## What the exercise asks
Drop the pictures; give again exactly the lines from the one holding "Nachdem die Fläche" through the end of the data.

━━━━━ Recorded information ━━━━━

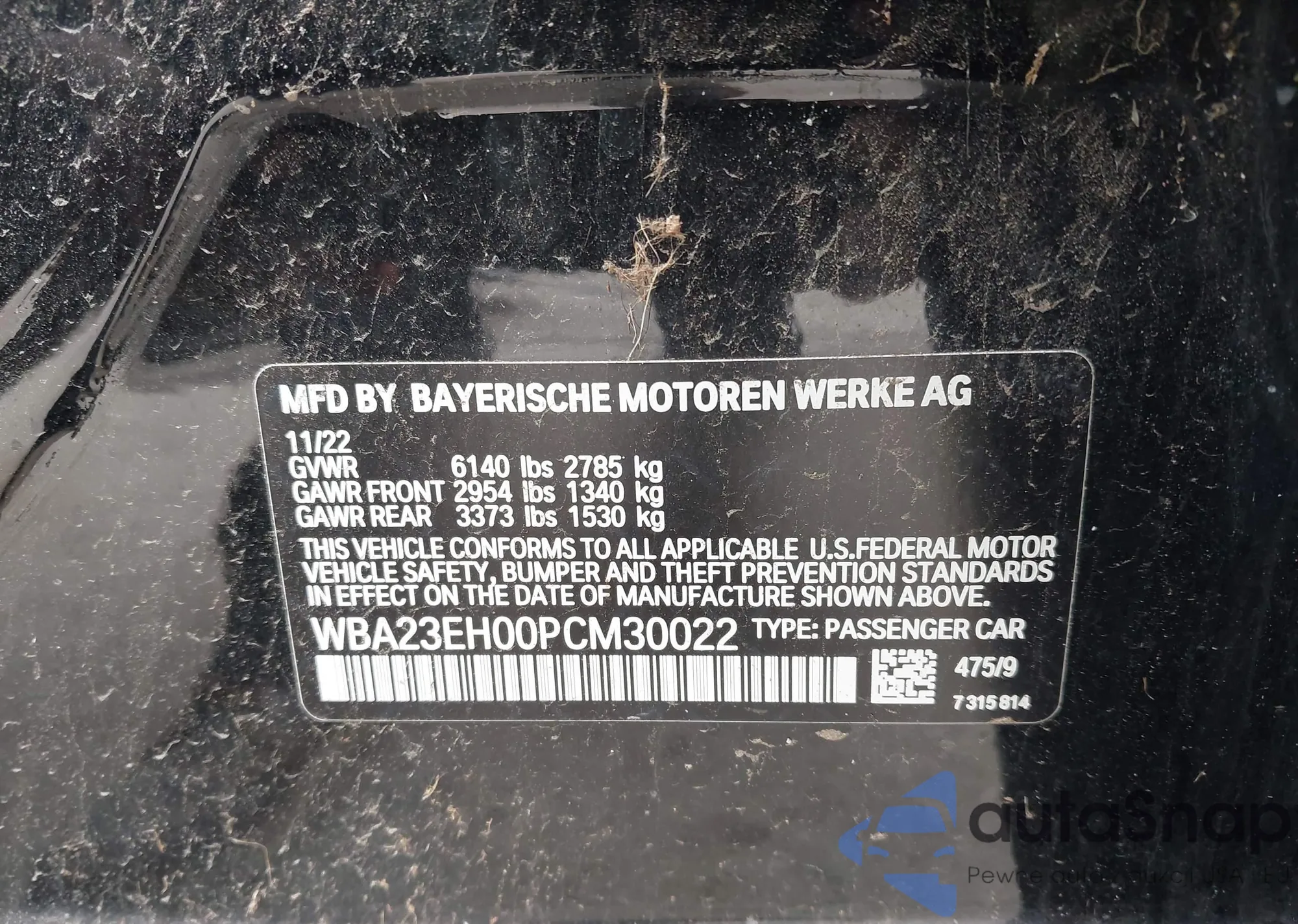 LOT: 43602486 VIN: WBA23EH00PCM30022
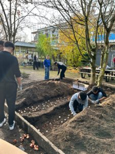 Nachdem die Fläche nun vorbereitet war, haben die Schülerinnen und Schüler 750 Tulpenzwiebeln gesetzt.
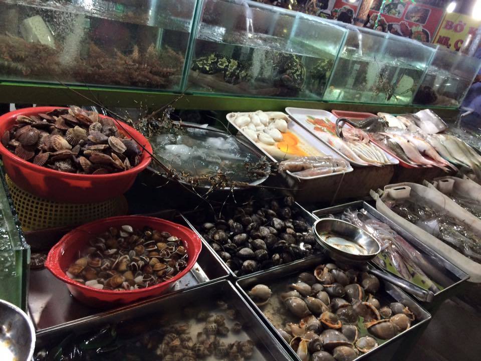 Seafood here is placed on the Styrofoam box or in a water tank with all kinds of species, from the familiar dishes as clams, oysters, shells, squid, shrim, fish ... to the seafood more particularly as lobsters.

━━━━━

## Answer box
 Nachdem die Fläche nun vorbereitet war, haben die Schülerinnen und Schüler 750 Tulpenzwiebeln gesetzt.
 Seafood here is placed on the Styrofoam box or in a water tank with all kinds of species, from the familiar dishes as clams, oysters, shells, squid, shrim, fish ... to the seafood more particularly as lobsters.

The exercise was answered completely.